→ Description of the task: Extract word for word the lines of the listing from its start to the line holding "高壓先端材料研究團隊:(自右", both ends kept; pictures are not part of the copy.

→ Exercise inputs:

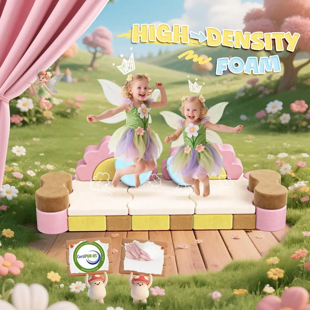 The Flower World Themed Design 23 pcs modular kids play couch, beautifully designed, sparks imagination. Featuring warmtoned, fashionforward colors, it inspires creative storytelling, roleplaying adventures, and unlimited builds.
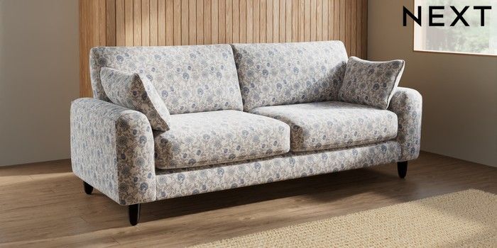 7.3.1 Buy Campbell 3 Seater Sofa Relaxed Linen Look Print Woodblock Floral Blue High Leg - Dark from the Next UK online shop Click here to use our accessible website
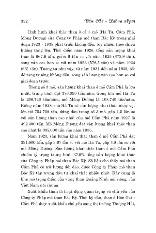 Năm 1923, sản lượng khai thác than ở mỏ Cẩm Phả đạt
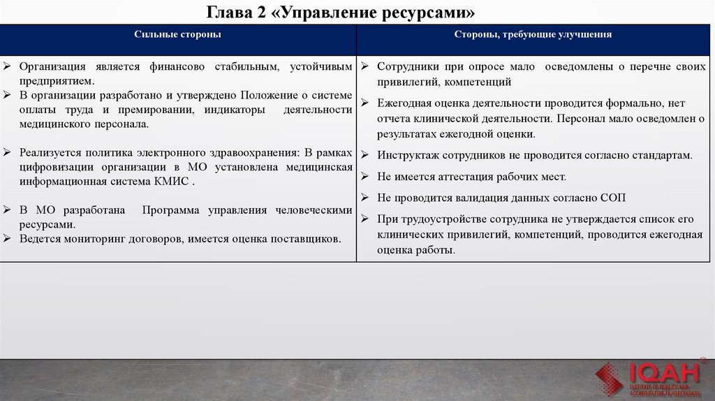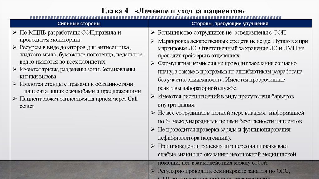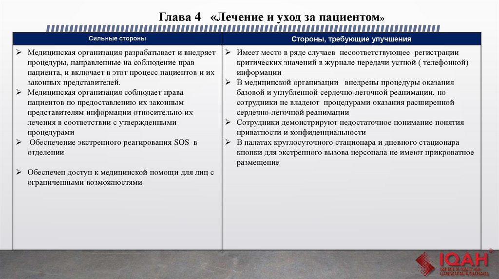 Глава 4 «Лечение и уход за пациентом»Сильные стороны
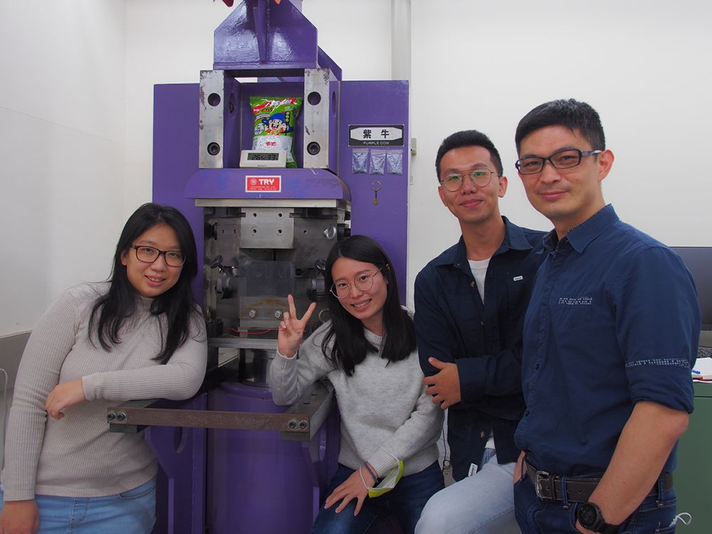 高壓先端材料研究團隊:(自右)主持人陳威廷、鄭慶嘉、洪紫媚、劉恩沛,以及DIA式超高壓高溫合成設施:紫牛。
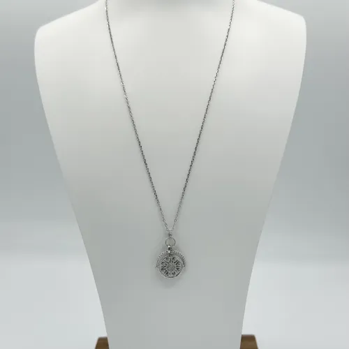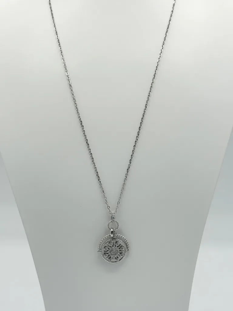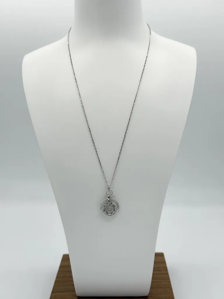 Laissez-vous charmer par le collier Rosace, une création française en argent 925 signée Guiot de Bourg. Avec sa longueur de 42 cm et sa chaîne ajustable, ce bijou saura sublimer votre décolleté.
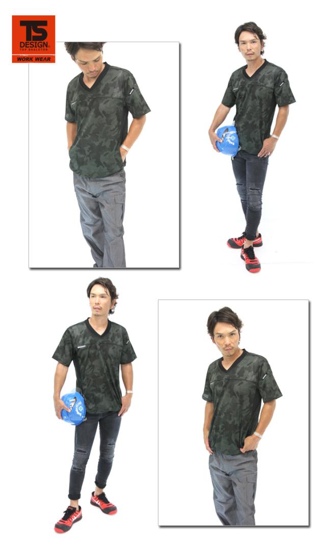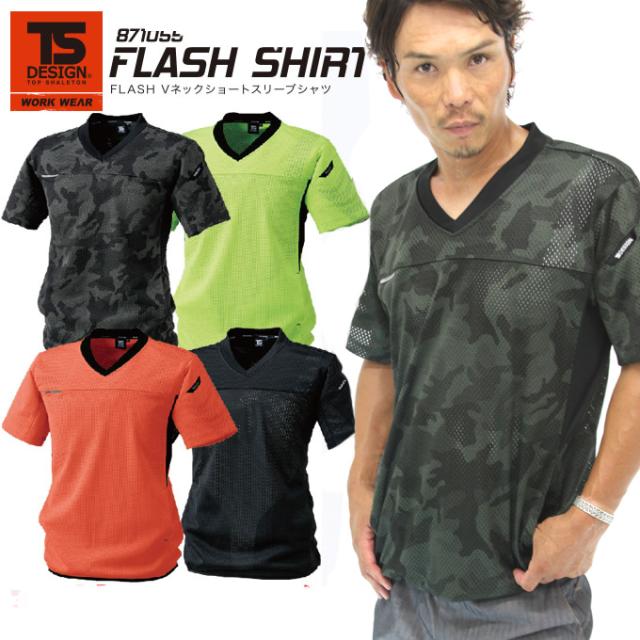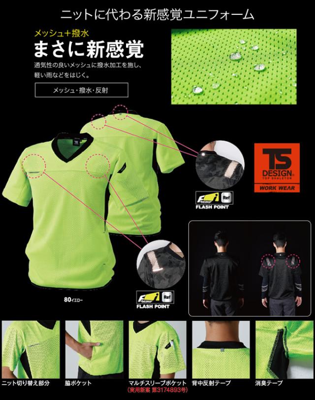 TSデザイン 藤和 TS-DESIGN FLASH Vネックショートスリーブシャツ 871055 メッシュシャツ 半袖シャツ 反射 作業服 作業着
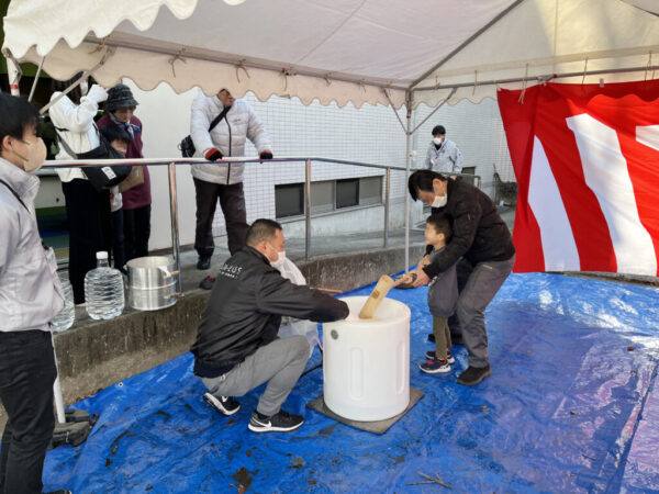 お子さまからご年配の方まで、たくさんの方が順番に杵を持ち、一緒にお餅をついて楽しみました。
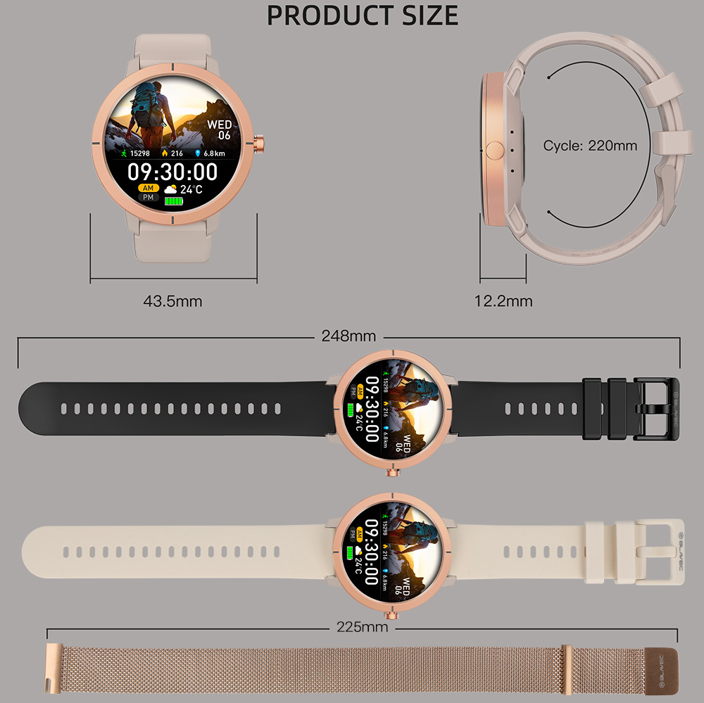 - Két cserélhető 18 mm-es szíj: A dobozban két kiváló minőségű szíj található: egy puha szilikon szíj a sportos és mindennapi viselethez (például a képeken látható krém színű), valamint egy elegáns rózsaarany milánói fém szíj az exkluzív megjelenésért. Váltson stílust pillanatok alatt!
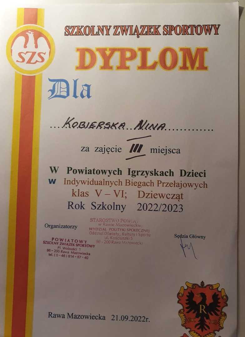 Nina Kobierska w kat. kl. V-VI - III miejsce
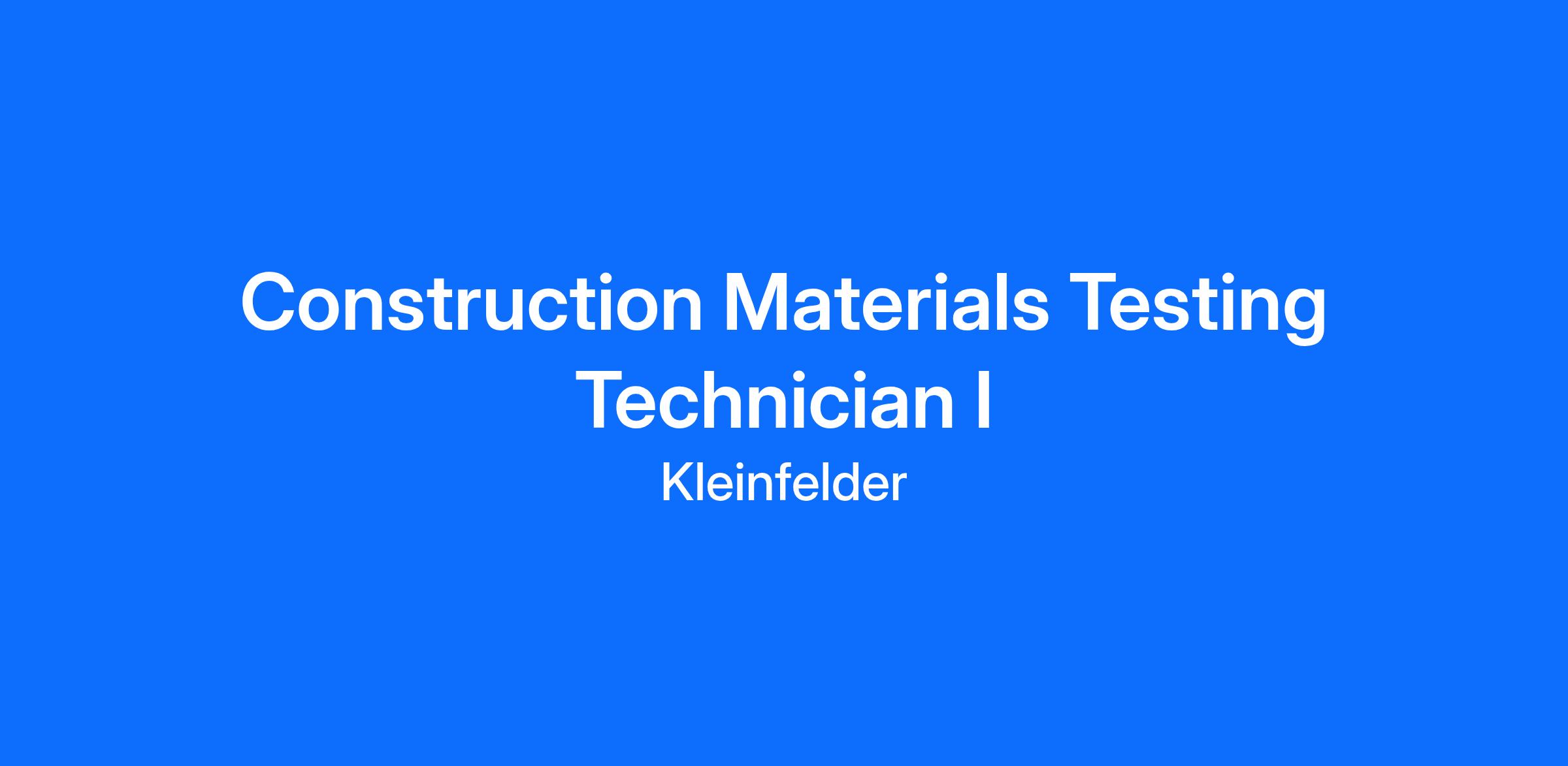 Kleinfelder, a long-standing industry leader in Texas, is looking for a Construction Materials and Testing Technician I to join our Houston, TX office. In addition to the opportunity to work on some of the largest and most interesting projects in the area, Kleinfelder also offers:

→ Answer to the problem:
 The Flower World Themed Design 23 pcs modular kids play couch, beautifully designed, sparks imagination. Featuring warmtoned, fashionforward colors, it inspires creative storytelling, roleplaying adventures, and unlimited builds.
 7.3.1 Buy Campbell 3 Seater Sofa Relaxed Linen Look Print Woodblock Floral Blue High Leg - Dark from the Next UK online shop Click here to use our accessible website
 Năm 1923, sản lượng khai thác than ở mỏ Cẩm Phả đạt
 Глава 4 «Лечение и уход за пациентом»Сильные стороны
 高壓先端材料研究團隊:(自右)主持人陳威廷、鄭慶嘉、洪紫媚、劉恩沛,以及DIA式超高壓高溫合成設施:紫牛。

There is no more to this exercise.